Member of the Pennsylvania House of Representatives from the 42nd district
- In office January 2, 2007 – December 8, 2012
- Preceded by: Thomas Stevenson
- Succeeded by: Dan Miller

Personal details
- Born: Matthew Heyden Smith September 19, 1972 (age 53) Bethel Park, Pennsylvania
- Party: Democratic
- Spouse: Eileen Smith
- Children: 3
- Alma mater: Rollins College Duquesne Law School
- Profession: Lawyer

= Matthew H. Smith =

American politician (born 1972)

Matthew Heyden "Matt" Smith (born September 19, 1972 in Bethel Park, Pennsylvania) is an American politician. He served as a member of the Pennsylvania State Senate, representing the 37th district from January 2013 until June 2015. A member of the Democratic Party, he also served in the Pennsylvania House of Representatives from 2007 to 2012. He was elected to the State Senate in the 2012 election.

==Biography==
Smith is the son of James and Janice Smith, who also were born and raised in Mt. Lebanon, Pennsylvania. Smith is a graduate of Rollins College at Winter Park, Florida with a degree in history. He graduated from the Duquesne University School of Law with honors in 1999. He lives in Mt. Lebanon, Pennsylvania with his wife, Eileen Smith. Prior to elective office, Smith worked for Babst, Calland, Clements and Zomnir, P.C.
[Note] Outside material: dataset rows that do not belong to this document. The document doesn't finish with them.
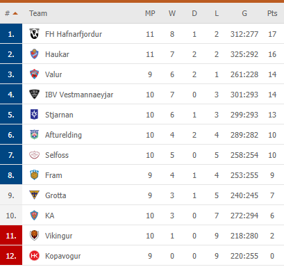 Pirmauja: FH – 17, „Haukar“ – 16, „Valur“ ir IBV – po 14.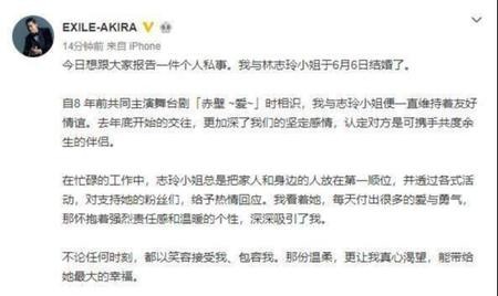 两人相识于2011年,AKIRA与林志玲因合作主演舞台剧《赤壁~爱~》而相识。但直到2025年底,二人才开始交往。6月6日,这份迟来的爱情,在对的时间,终于开花结果。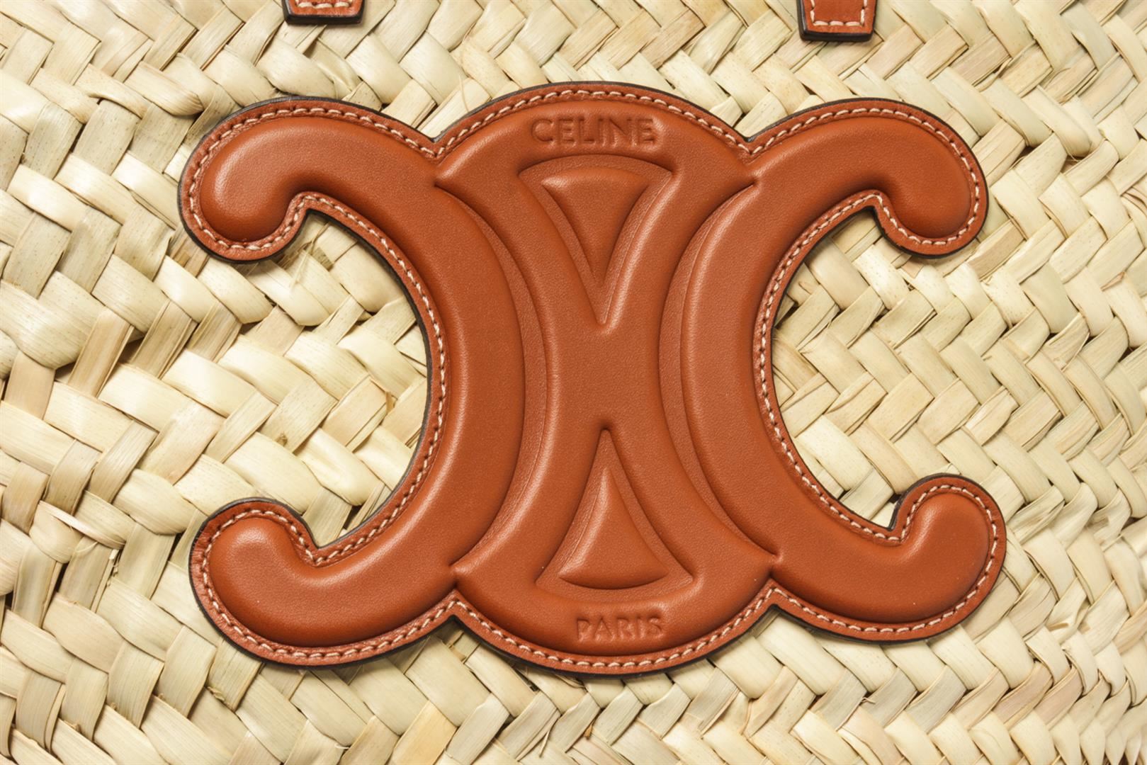 One Celine Beige Wicker Classic Basket Teen Triomphe Tote Bag. Item is sold AS-IS. All available information is listed in the description and shown in the photo. Celine Beige Wicker Classic Basket Teen Triomphe Tote Bag with top handle, brown leather logo on front of bag, longer shoulder strap. 19 x 20 x 10 cm (7 x 8 x 4 in)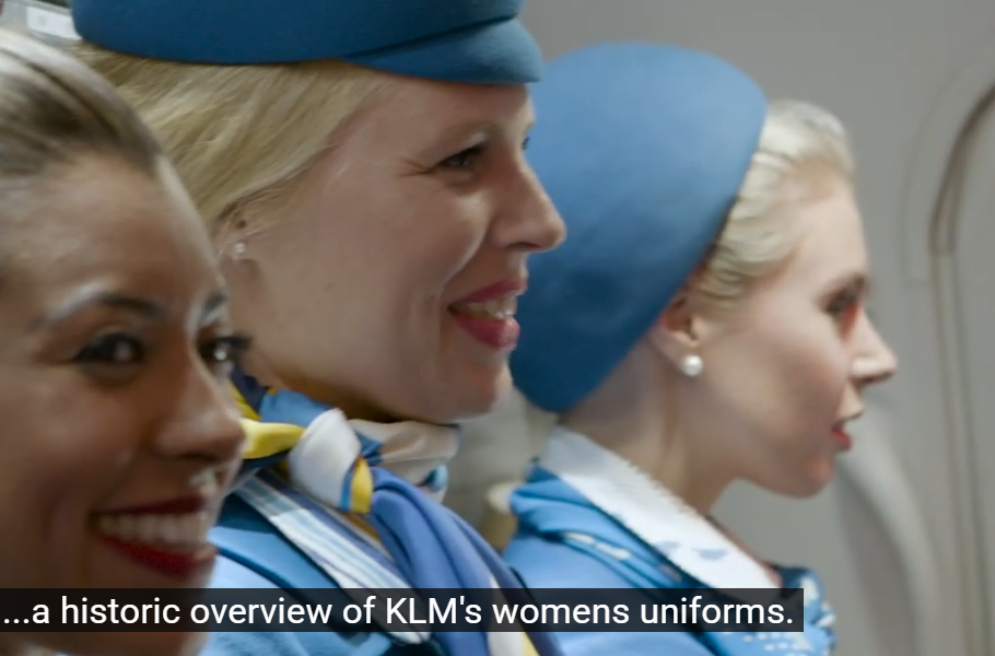 Below are some print screen shots of a YouTube video showing the original uniform that the KLM Cabin Crew Sindy and Fleur doll’s had replicas of. You’ll find the original video further down. Make sure to watch that one too!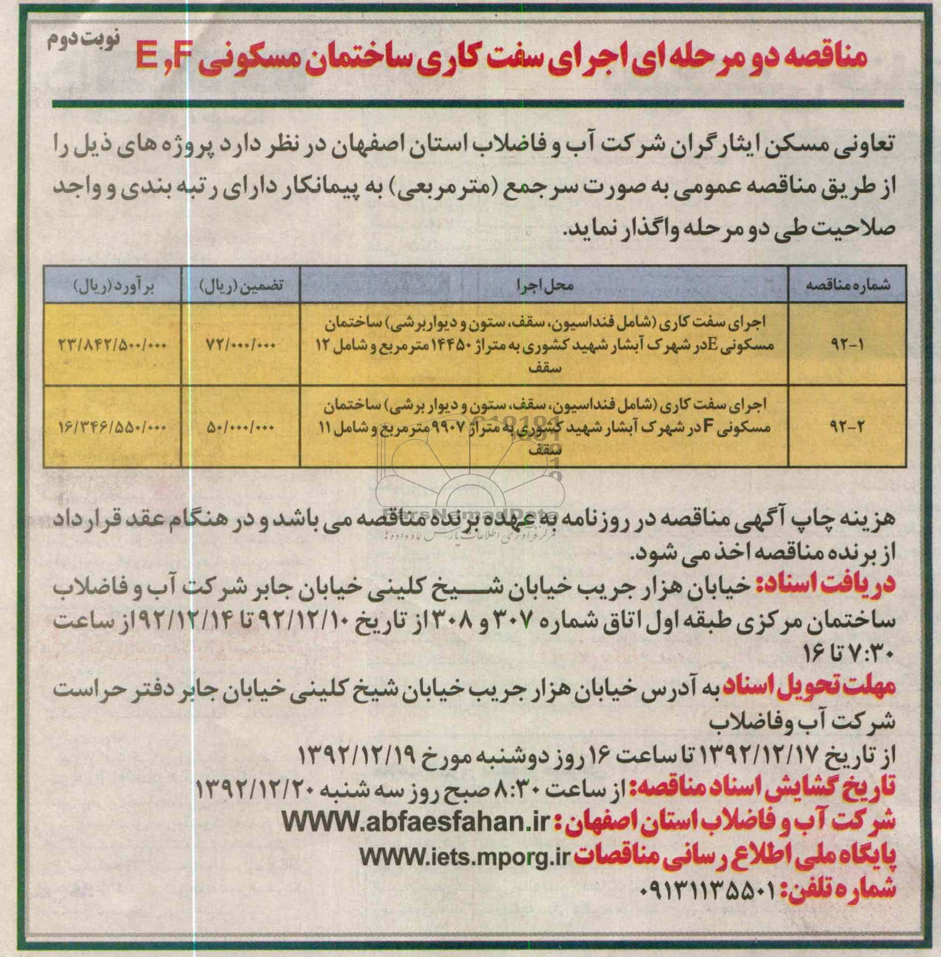 مناقصه دو مرحله ای , اجرای سفت کاری ساختمان مسکونی F ، E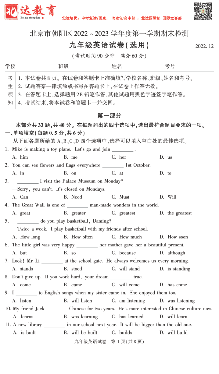 首页 初三试题 2022-2023学年北京朝阳区初三上期末英语试题及答案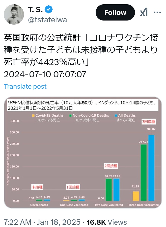 英国政府の公式統計「コロナワクチン接種を受けた子どもは未接種の子どもより死亡率が4423%高い」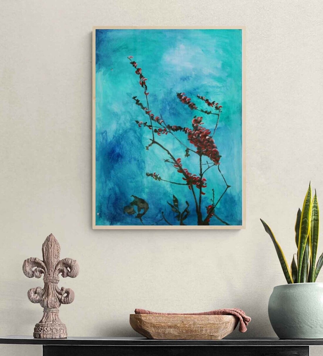 Add meaning to your home & workspace with Atypical Art. The bare branches were silvered with frost. The berries of the holly tree looked white with rime. Old Marie said that all holly berries had once been white, but that the crown of thorns had been made of holly, and the berries had turned red when touched with Jesus's blood. She had a story to explain everything, Old Marie.What you will receive:- Original Artwork without frame- Certificate of Appreciation for empowering an Artist with Disability (shared over email)Expected delivery time: 5-7 business days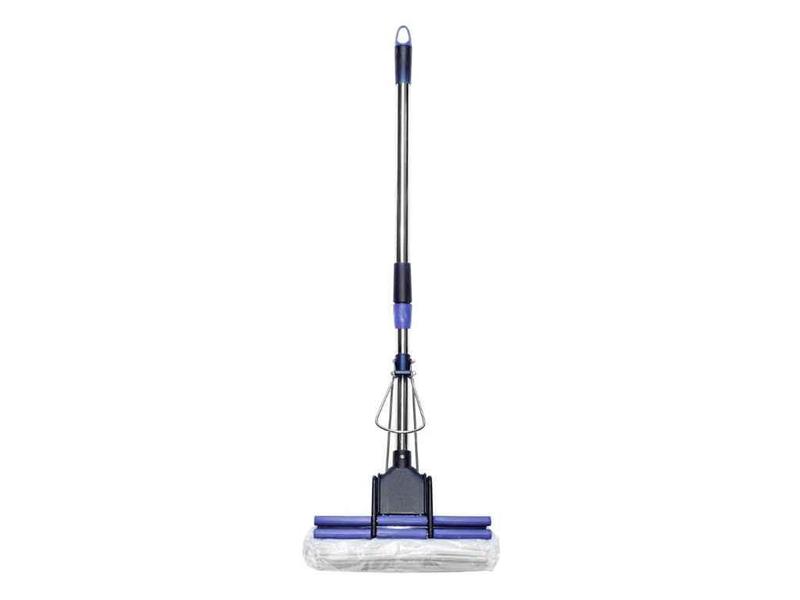 Швабра с двойным усиленным отжимом, пластиковой основой, телескопической ручкой из нержавеющей стали Состав: Нержавеющая сталь, Полипропилен, ПВХ.. Ширина Губки - 27см. Длина изделия - 86-116 см.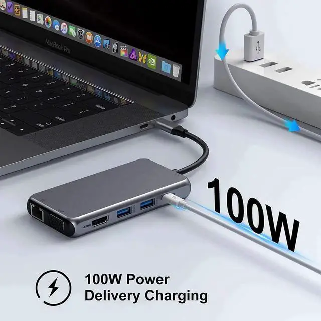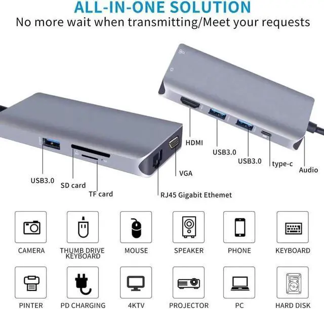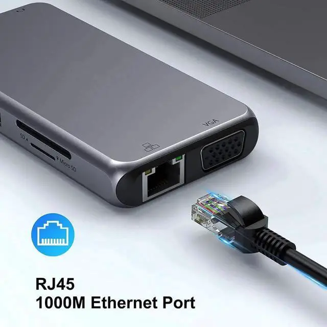 USB-C Hub: USB-C devices with the multiport USB-C hub featuring, 4K@30Hz HDMI port, VGA port, 2 USB 3.0, 1 USB 2.0, RJ 45 Gigabit Ethernet, 87W PD charging port, SD/TF card reader and a 3.5 mm Audio jack.

Smith was elected to the Pennsylvania House of Representatives in 2006, defeating 21-year-old Republican Mark Harris, who had defeated incumbent Tom Stevenson in the Republican primary.

Smith was elected to the Pennsylvania State Senate in 2012, defeating Republican opponent Dakshinamurthy "D." Raja. Raja spent $5 million on his campaign, while Smith spent only $1 million.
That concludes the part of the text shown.